After 1968 there was no longer any reason for anyone, except perhaps a few frenzied fanatics, to share those postwar illusions. The Soviet army had changed in the eyes of the nation from a liberating army to an army of occupation, and the regime that supported this occupation had changed into a band of collaborators. If a writer didn't notice these changes, his blindness deprived him of the right to count himself among creative spirits; if he noticed them but pretended he knew nothing about them, we may rightfully call him an opportunist—it is probably the kindest word we can use.

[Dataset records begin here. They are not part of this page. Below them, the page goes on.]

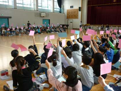 テーマごとに自分の考えを賛成か反対か提示したり、理由を発表したりしました。
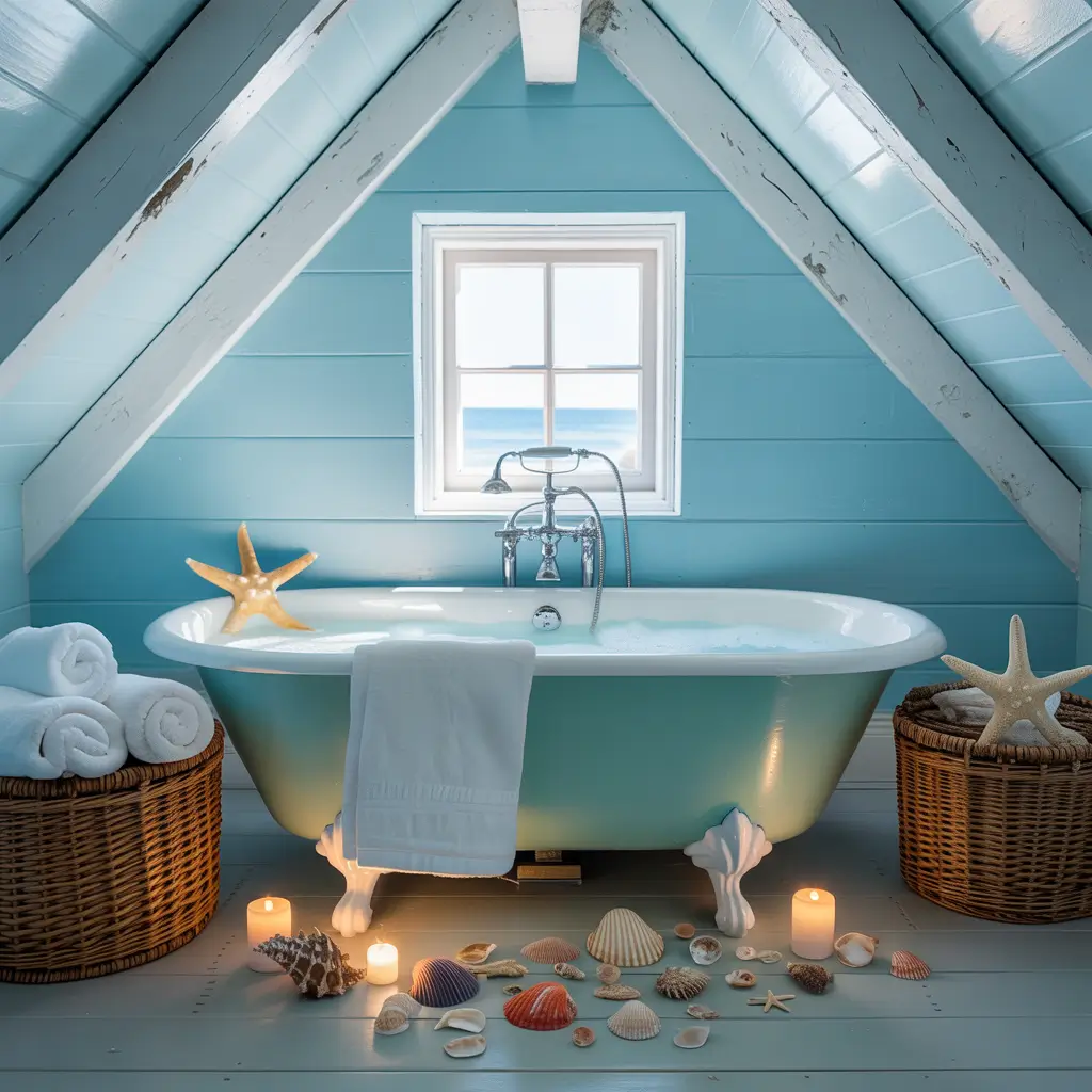 Coastal vibes in the attic create the ultimate escape room. Soft blues, whites, and natural textures transport you to the beach without the sand in uncomfortable places. My beach-obsessed mom turned her attic into a coastal paradise that feels like permanent vacation.
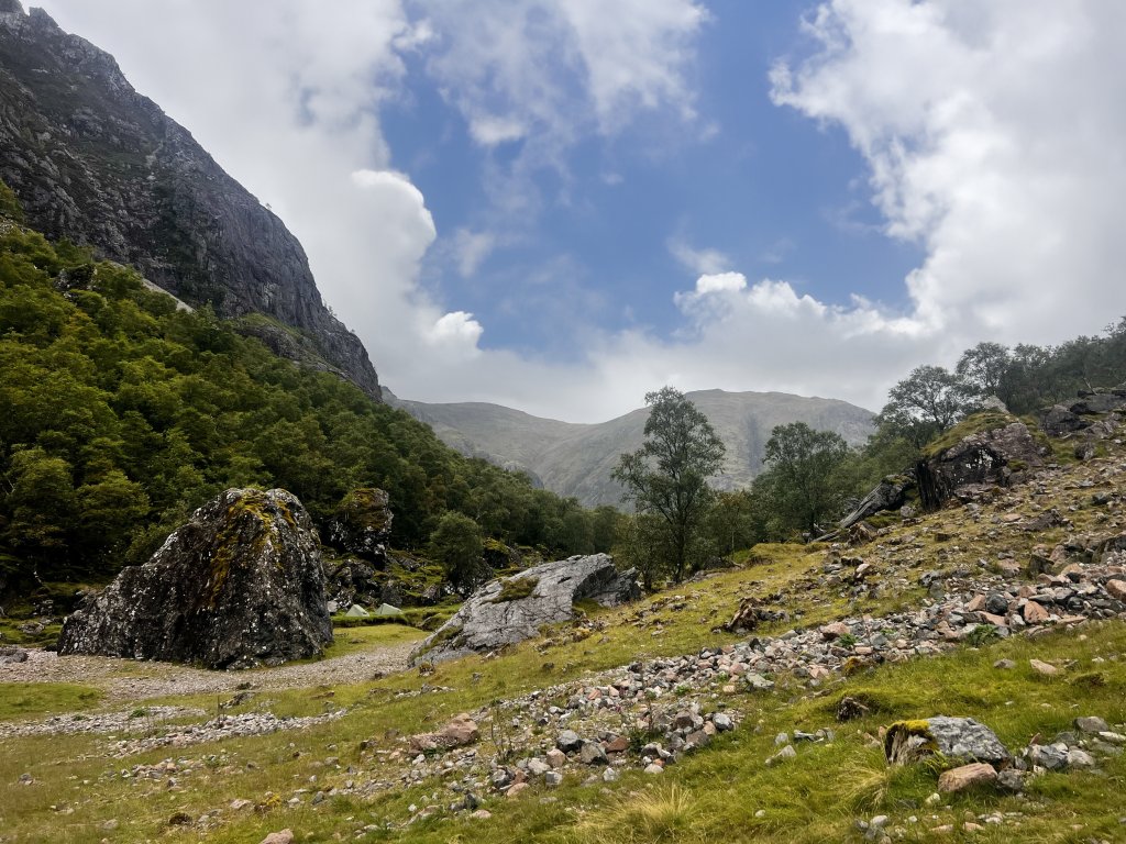 From the car park, the path begins with a descent towards the River Coe on a very clear track. The views almost immediately become impressive, with towering cliffs and a deep glen unfolding before you.
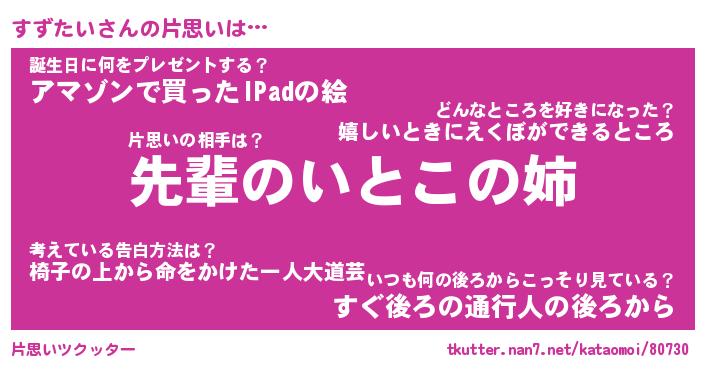 | 胡散臭い通販商品みたいなあだ名 | 『モテモテ間違いなし水晶球…その名も「すずたい」』 |
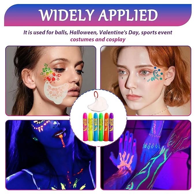 - Easy Application &Blendable: Six vivid glow‑in‑the‑dark paint pens twist up smoothly for simple application on face and body, blendable shades allow creative designs under UV or black light for parties and events
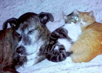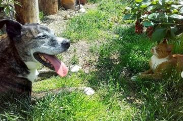 Portík je i ve 14. letech pořád veselý a plný energie, miluje jídlo a dlouhé procházky, měl operaci perianálního adenomu a vloni v létě si venku strhnul drápek až na kost, všechno jsme vyléčili. A od jara měl na pravém oku problém se třetím víčkem, sjela jsem s nim k dr. Beránkovi a po léčbě je očičko ok. A vloni v březnu byl na odstranění zubního kamene v narkóze. Po smrti Jessynky vloni 3.3. už má doma jen dvě čičiny ze Psího života.
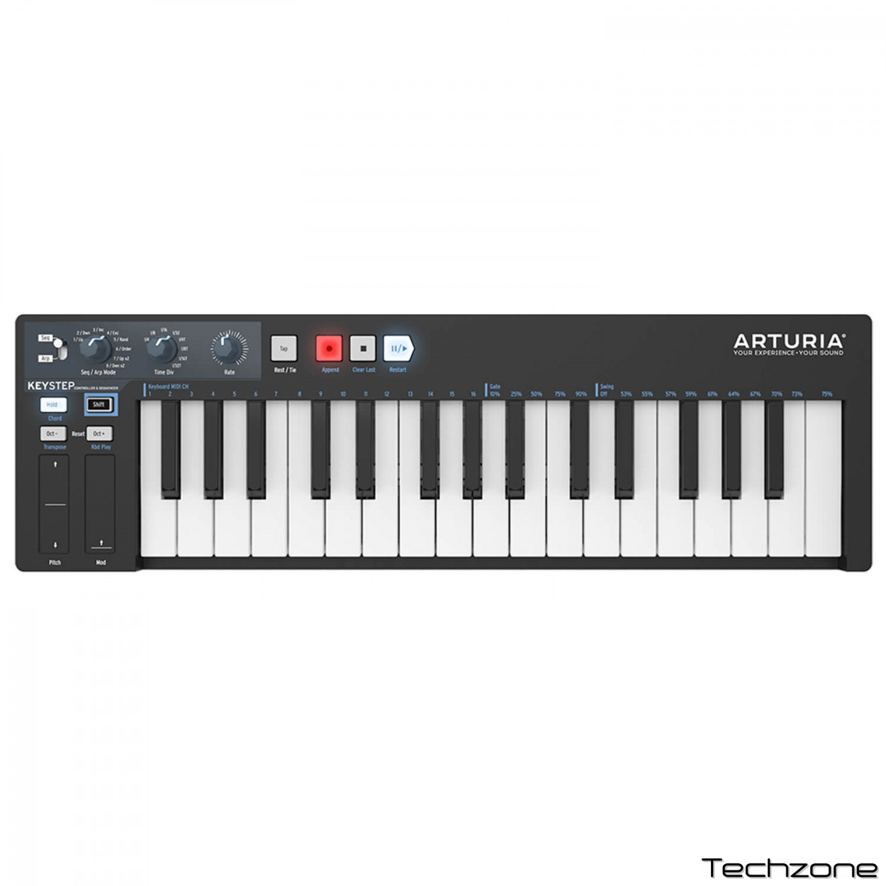 Незалежно від того, з якого обладнання складається сет-ап, KeyStep чудово увійде в нього, щоб підвищити ефективність творчих процесів. З KeyStep та кількістю його роз'ємів, Ви зможете керувати будь-яким цифровим або аналоговим синтезатором минулого, сьогодення і, навіть, майбутнього. Секвенсуйте все!
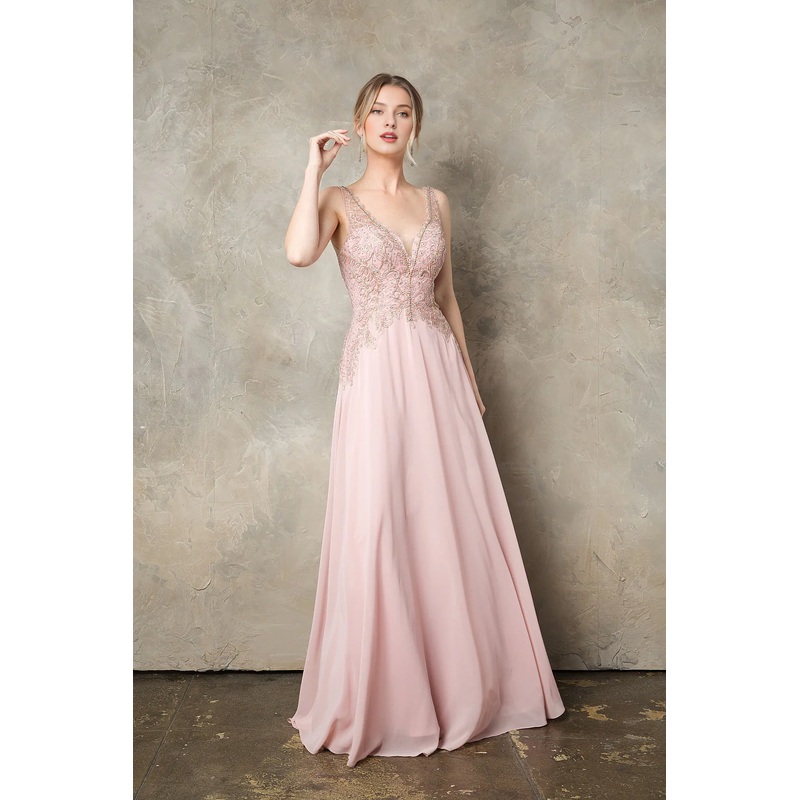 A-line skirt bead embroidery long sleeveless chiffon dress
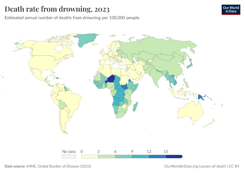 IHME, Global Burden of Disease (2025) – with major processing by Our World in Data. “Death rate from drowning” [dataset]. IHME, Global Burden of Disease, “Global Burden of Disease - Deaths” [original data]. Retrieved March 10, 2026 from https://who-regions.owid.pages.dev:8789/20260304-094028/grapher/death-rate-from-drowning.html (archived on March 4, 2026).
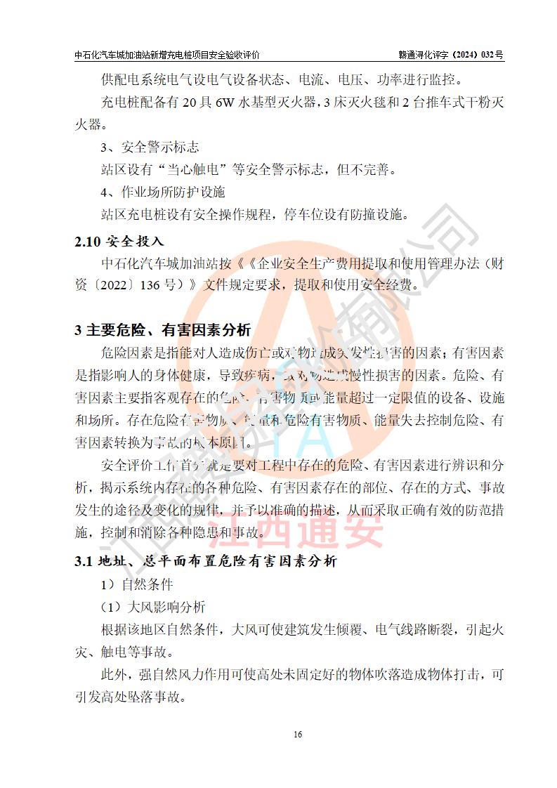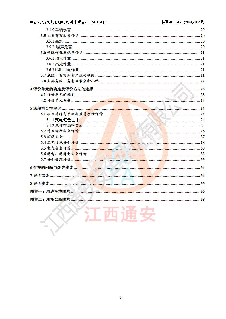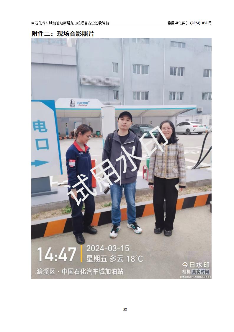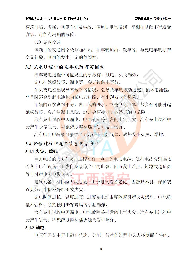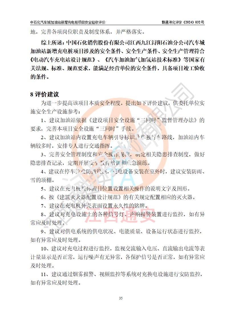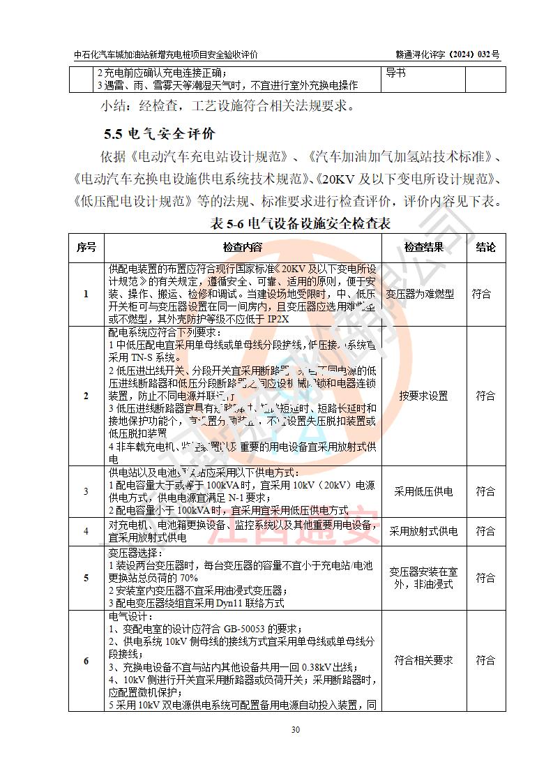 評價結(jié)論 | 中國石化銷售股份有限公司江西九江潯陽石油分公司汽車城加油站新增充電樁項目涉及的安全條件、安全生產(chǎn)條件、安全生產(chǎn)管理符合《電動汽車充電站設(shè)計規(guī)范》、《汽車加油加氣加氫站技術(shù)標(biāo)準(zhǔn)》等**有關(guān)法規(guī)、標(biāo)準(zhǔn)、規(guī)范要求,能滿足經(jīng)營單位的安全條件,具備項目竣工驗收的條件。 | |||
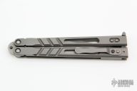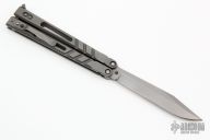 This Alpha Beast Balisong from Blade Runner Systems (BRS) features a tumble finished clip point blade. The handle is comprised of titanium with T latch on pommel. Includes original box. Has a couple light scuffs, excellent condition otherwise.
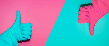 Thumbs-up and thumbs-down signs. Hand gesture of agreement and disagreement. Positive and negative answer. Usage of protective glove to prevent infection.
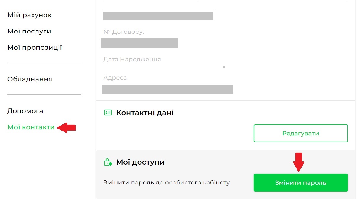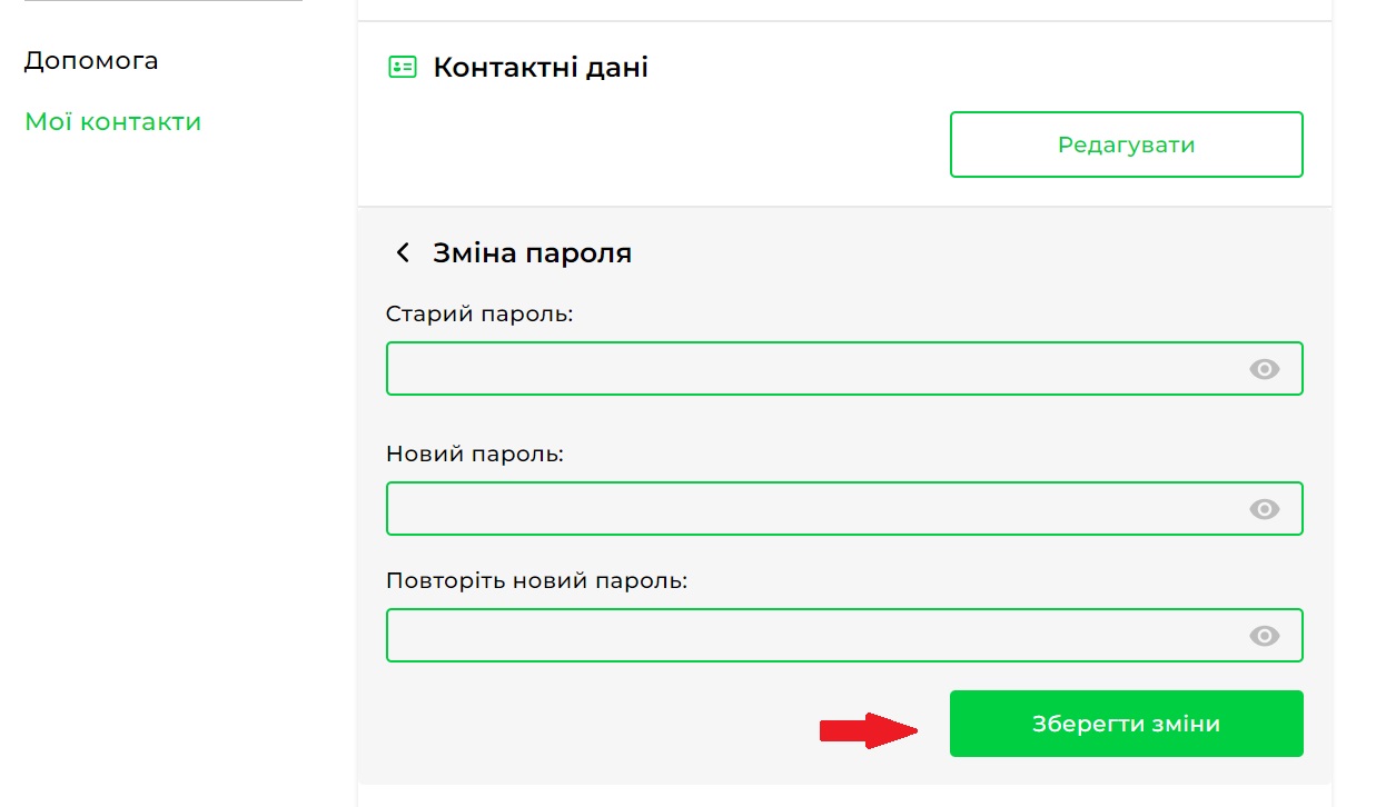 В особистому кабінеті перейдіть у розділ «Мої контакти», далі в блок «Мої доступи» та натисніть «Змінити пароль». У відповідному полі введіть старий пароль, далі створіть новий пароль, повторіть новий пароль в нижньому полі і натисніть «Зберегти зміни».
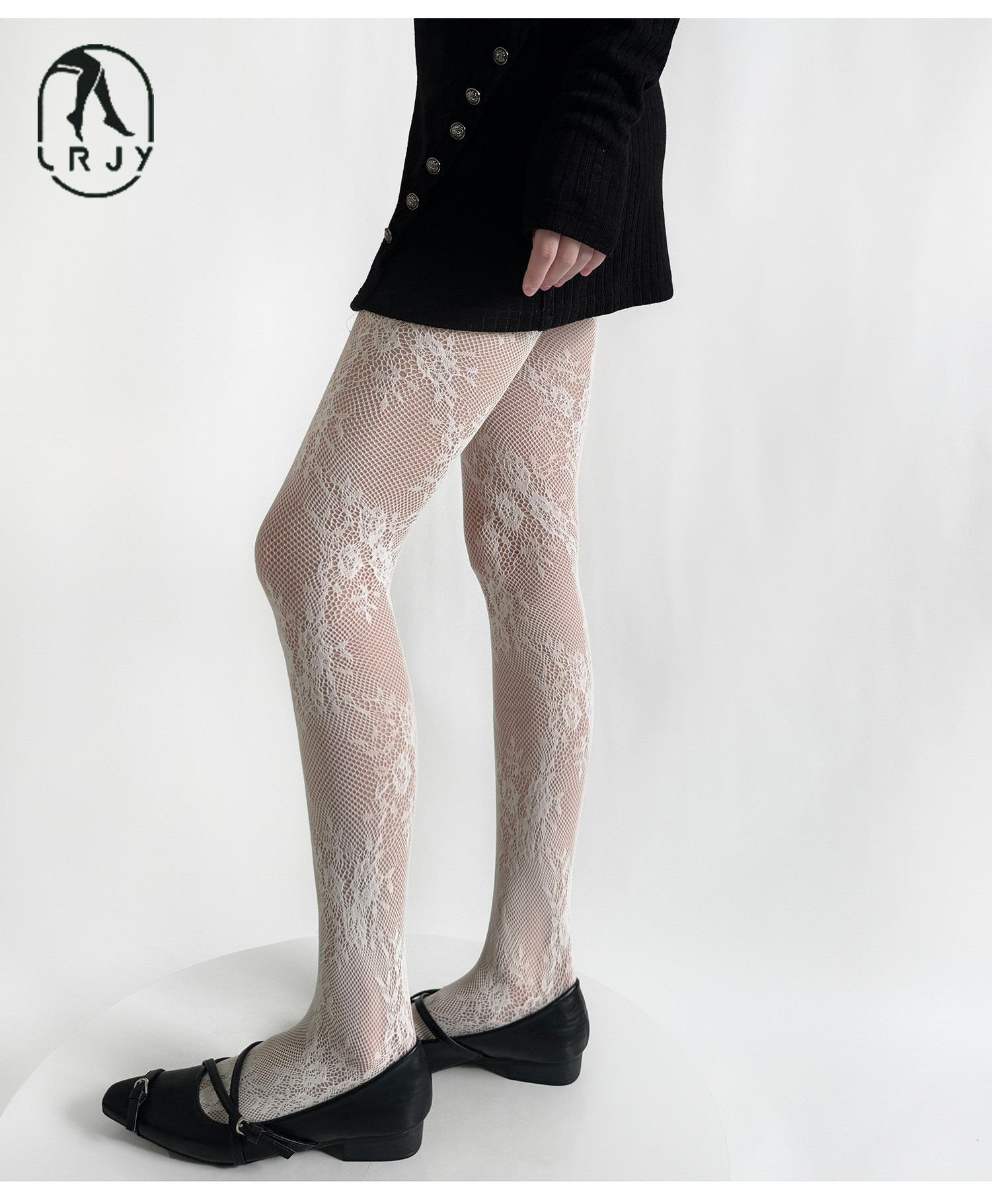 • 흰 꽃 망사 스타킹

Of course the problem lay in the fact that the regime did not last just a few months or years, but two decades. This meant that, exceptions apart—and the regime persecuted these exceptions harshly—virtually a generation of protesters, from the end of the Seventies on, was hounded into emigration. Everyone else had to accept it in some way or even support it. Television and the radio had to function somehow, the publishing houses had to cover paper with print. Even quite decent people thought: if I don't hold this job, someone worse will. If I do not write—and I shall try to smuggle at least a bit of truth through to the reader—the only people left will be those who are willing to serve the regime devotedly and uncritically.
I want to avoid saying that everyone who published anything over the past twenty years is necessarily a bad writer. It's true too that the regime gradually tried to make some important Czech writers their own and so began to publish some of their works. In this way it published at least a few works by Bohumil Hrabal and the poet Miroslav Holub (both of them made public self-criticisms) and also poems by the Nobel prize winner Jaroslav Seifert, who had signed Charter 77. But it can be stated categorically that the effort of publication, getting past all the traps laid by the censor, was a severe burden on the works of many of those who were published. I have carefully compared the works of Hrabal—who, to my mind, is one of the greatest living European prose writers—that came out in samizdat form and were published abroad and those that were published officially in Czechoslovakia. The changes he was evidently forced by the censor to make are, from the point of view of the work, monstrous in the true sense of the word. But much worse than this was the fact that many writers reckoned with censorship beforehand, and deformed their own work and so, of course, deformed themselves.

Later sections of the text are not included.